To do so, Borjas and Freeman use data from two sources. For figures on native- and foreign-born workers' count and wage-level, they draw on the American Community Survey. To estimate the stock and inflow of robots, they use data from the International Federation of Robotics (IFR), which annually releases a count of the total number of "industrial robots" shipped to each industry in the United States and other nations.
Using these figures, the two built a model which estimates the impact of both an additional robot and an additional immigrant on the overall number of (native- and non-native) workers and the wage level. This model provides info on the breakdown of effect by educational group—a proxy for skill level—and gender.
Consonant with Borjas's past work, the model identified small but significant negative effects of an increase in the number of foreign-born workers on native born workers. An additional immigrant worker, they find, increases the labor force by 0.8 workers (i.e., adds one foreign-born worker and pushes a fifth of a native-born worker out). This effect, as well as the effect on wages, is stratified by education level: The marginal immigrant worker lowers low-skilled wages a little bit while simultaneously increasing high-skilled wages a similarly small amount.
The small magnitude of these effects makes the impact of automation all the more eye-popping. In their base analysis, Borjas and Freeman estimate that one robot pushes two workers out of the workforce; that figure rises to three among low-skilled workers. The impact of robots on workers' wages are almost an order of magnitude greater than the impact of immigrant labor.
The introduction of immigrants or robots affects the condition of the labor market, but the labor market's condition also affects employers' decision to employ robots or immigrants. This phenomenon—what statisticians call "simultaneity"—can produce a problem for trying to test the effect of immigration and automation on wages and employment. Observers want to know how the former's rise and fall affects the latter, but the relationship can operate in the opposite direction, thus producing bias.
To disentangle this effect, Borjas and Freeman used data on robot purchases from Germany and Japan—also available from the IFR—to try to isolate technological changes which affect all advanced countries simultaneously.
Incorporating these data into their model results in an even more pronounced negative effects of robots on wages and employment levels.
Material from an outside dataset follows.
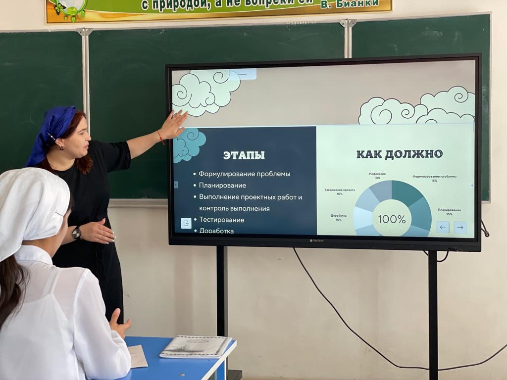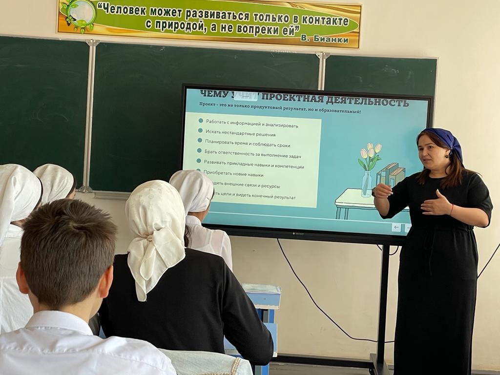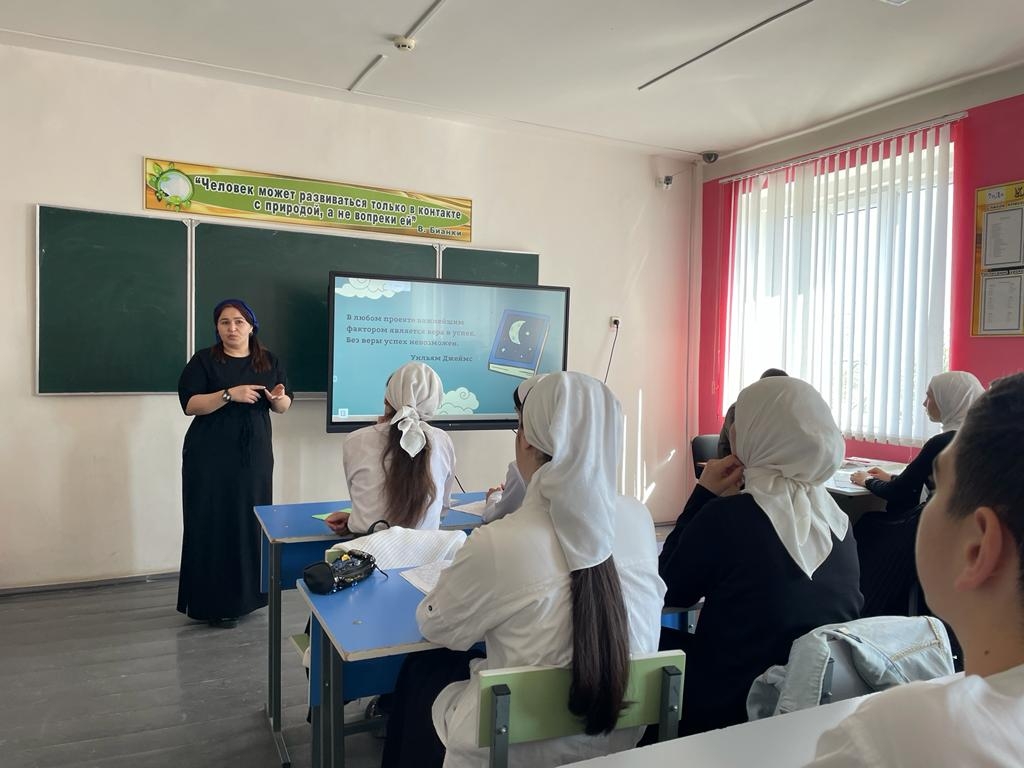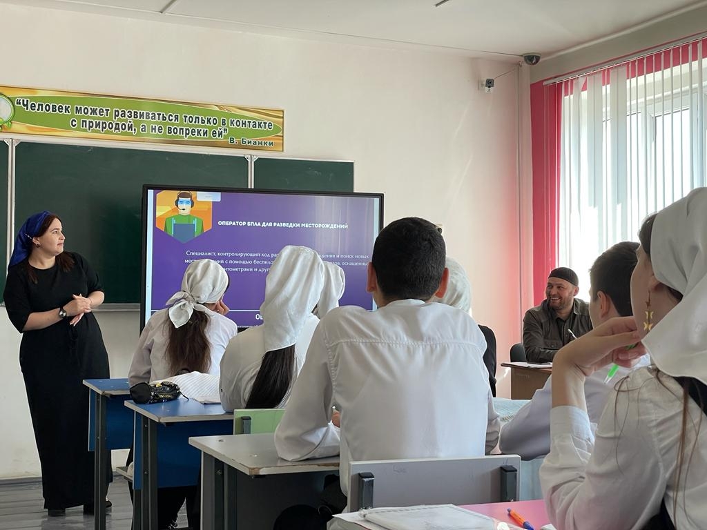 В целях эффективности реализации мероприятий федерального проекта «Современная школа» национального проекта «Образование», согласно приказу Министерства образования и науки Чеченской Республики от 15-го октября 2021 года № 1335-п «Об утверждении Комплексного плана мероприятий» ГБНОУ «РКОиДО «Квант» руководитель центра «Точка роста» на базе МБОУ «Гелдаганская СШ№2» Куготова Арина Мухамедовна провела семинар с обучающимися 9-11 классов на тему: «Workshop-профессии будущего».

They find that after their "instrumental variable" is introduced, one an additional robot drives wages down even more, and substitutes for more than four low-skilled workers.
Borjas and Freeman also introduce variables to control for variations in occupation-automatability within industries. These show, unsurprisingly, that occupations scored as "high automatability" by the Department of Labor are more substantially affected by mechanization.
While these results may be alarming, the authors stress that at least based on their data, the amount of automation has thus far been quite low, leading to little impact in absolute terms: "despite the media uproar about robots, the robot supply shock has been too modest through the mid-2010s to disrupt the labor market."
In other words, there is no need to panic yet. However, the authors write, "the evidence that the increased supply of industrial robots has depressed employment and wages in affected industries … suggests that it would be foolhardy to dismiss the concerns about the future of work."
As such, Borjas and Freeman's paper makes clear that the ongoing debate about the future of the American worker—whether industrial employment can return, whether wages are stagnating, and whether the United States needs a UBI—will only grow more pressing.